Pictures aside, can you reproduce the records word for word?

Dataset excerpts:
····················
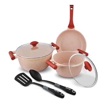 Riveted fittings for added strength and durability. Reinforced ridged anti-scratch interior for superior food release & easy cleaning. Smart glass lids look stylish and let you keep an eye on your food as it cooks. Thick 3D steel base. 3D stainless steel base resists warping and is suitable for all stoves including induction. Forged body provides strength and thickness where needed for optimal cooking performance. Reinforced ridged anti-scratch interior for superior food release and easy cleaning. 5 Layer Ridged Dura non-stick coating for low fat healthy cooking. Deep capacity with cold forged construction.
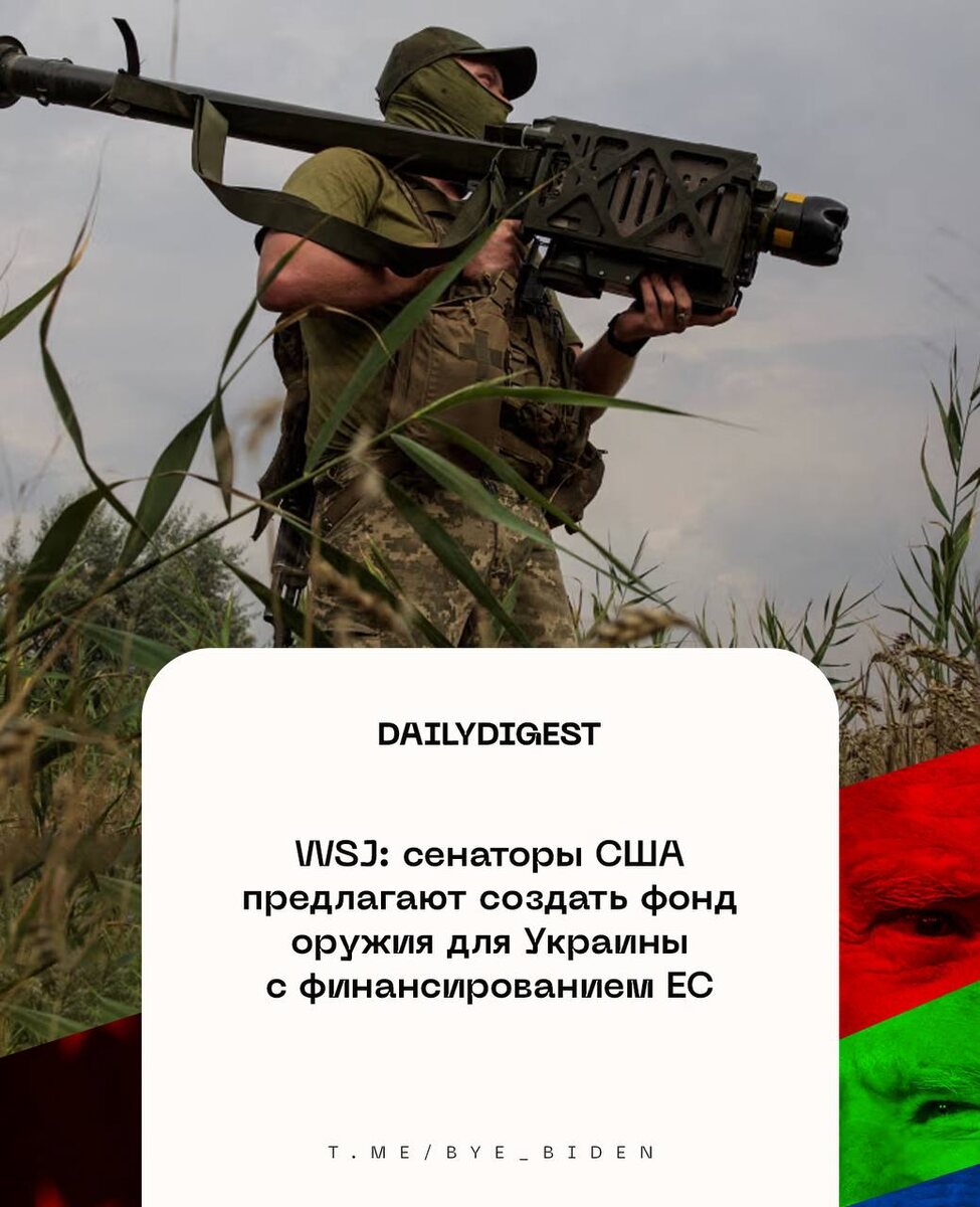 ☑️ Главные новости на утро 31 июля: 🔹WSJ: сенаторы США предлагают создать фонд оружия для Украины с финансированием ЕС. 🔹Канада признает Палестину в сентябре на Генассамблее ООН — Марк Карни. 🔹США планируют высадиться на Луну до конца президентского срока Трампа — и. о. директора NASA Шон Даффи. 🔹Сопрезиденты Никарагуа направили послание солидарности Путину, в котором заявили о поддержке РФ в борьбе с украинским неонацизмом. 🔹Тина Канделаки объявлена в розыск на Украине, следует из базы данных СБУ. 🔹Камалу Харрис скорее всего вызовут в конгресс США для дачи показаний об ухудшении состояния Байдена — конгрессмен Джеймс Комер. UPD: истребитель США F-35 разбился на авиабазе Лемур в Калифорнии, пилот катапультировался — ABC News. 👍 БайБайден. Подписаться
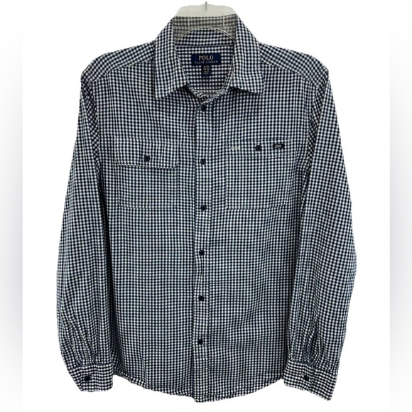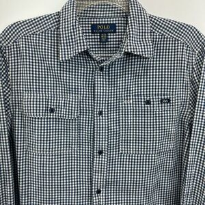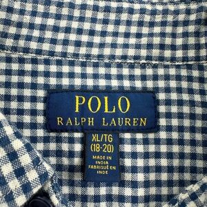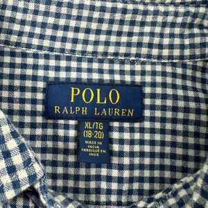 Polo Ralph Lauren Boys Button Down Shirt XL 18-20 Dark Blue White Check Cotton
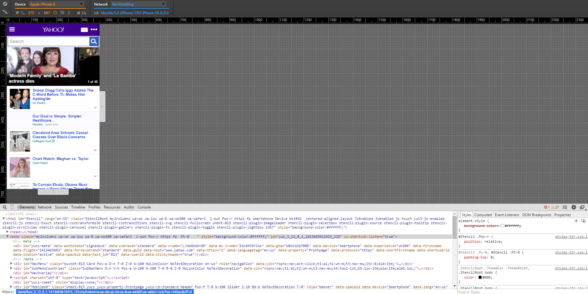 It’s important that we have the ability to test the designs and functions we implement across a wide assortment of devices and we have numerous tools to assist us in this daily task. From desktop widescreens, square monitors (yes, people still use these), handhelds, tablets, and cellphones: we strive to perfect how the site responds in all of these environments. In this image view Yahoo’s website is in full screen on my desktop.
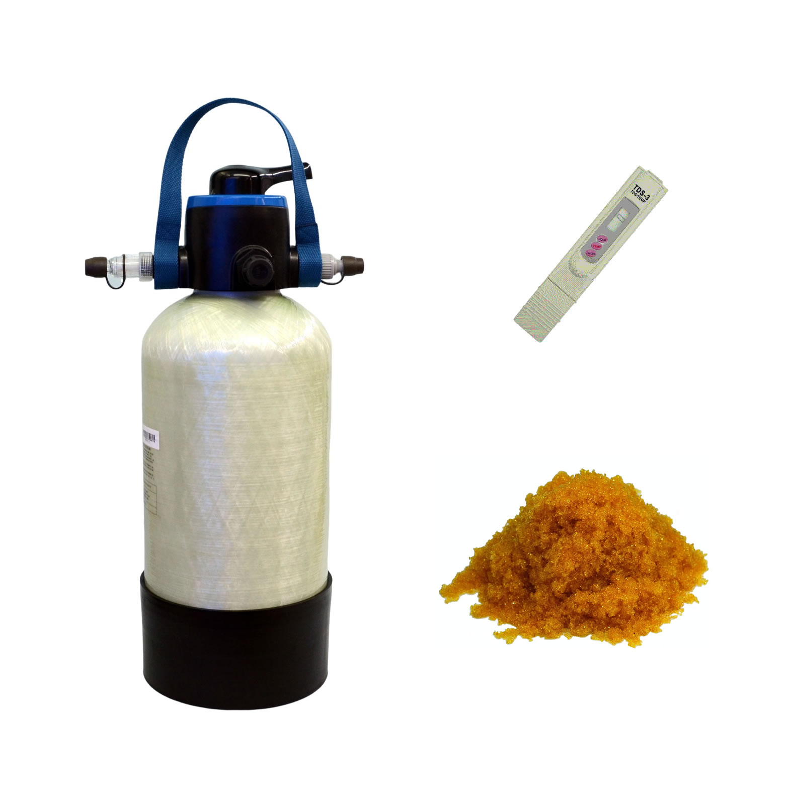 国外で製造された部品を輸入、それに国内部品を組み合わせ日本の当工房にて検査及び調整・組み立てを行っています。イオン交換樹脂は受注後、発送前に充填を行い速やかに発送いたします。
····················
» Problem solution:
 Riveted fittings for added strength and durability. Reinforced ridged anti-scratch interior for superior food release & easy cleaning. Smart glass lids look stylish and let you keep an eye on your food as it cooks. Thick 3D steel base. 3D stainless steel base resists warping and is suitable for all stoves including induction. Forged body provides strength and thickness where needed for optimal cooking performance. Reinforced ridged anti-scratch interior for superior food release and easy cleaning. 5 Layer Ridged Dura non-stick coating for low fat healthy cooking. Deep capacity with cold forged construction.
 ☑️ Главные новости на утро 31 июля: 🔹WSJ: сенаторы США предлагают создать фонд оружия для Украины с финансированием ЕС. 🔹Канада признает Палестину в сентябре на Генассамблее ООН — Марк Карни. 🔹США планируют высадиться на Луну до конца президентского срока Трампа — и. о. директора NASA Шон Даффи. 🔹Сопрезиденты Никарагуа направили послание солидарности Путину, в котором заявили о поддержке РФ в борьбе с украинским неонацизмом. 🔹Тина Канделаки объявлена в розыск на Украине, следует из базы данных СБУ. 🔹Камалу Харрис скорее всего вызовут в конгресс США для дачи показаний об ухудшении состояния Байдена — конгрессмен Джеймс Комер. UPD: истребитель США F-35 разбился на авиабазе Лемур в Калифорнии, пилот катапультировался — ABC News. 👍 БайБайден. Подписаться
 Polo Ralph Lauren Boys Button Down Shirt XL 18-20 Dark Blue White Check Cotton
 It’s important that we have the ability to test the designs and functions we implement across a wide assortment of devices and we have numerous tools to assist us in this daily task. From desktop widescreens, square monitors (yes, people still use these), handhelds, tablets, and cellphones: we strive to perfect how the site responds in all of these environments. In this image view Yahoo’s website is in full screen on my desktop.
 国外で製造された部品を輸入、それに国内部品を組み合わせ日本の当工房にて検査及び調整・組み立てを行っています。イオン交換樹脂は受注後、発送前に充填を行い速やかに発送いたします。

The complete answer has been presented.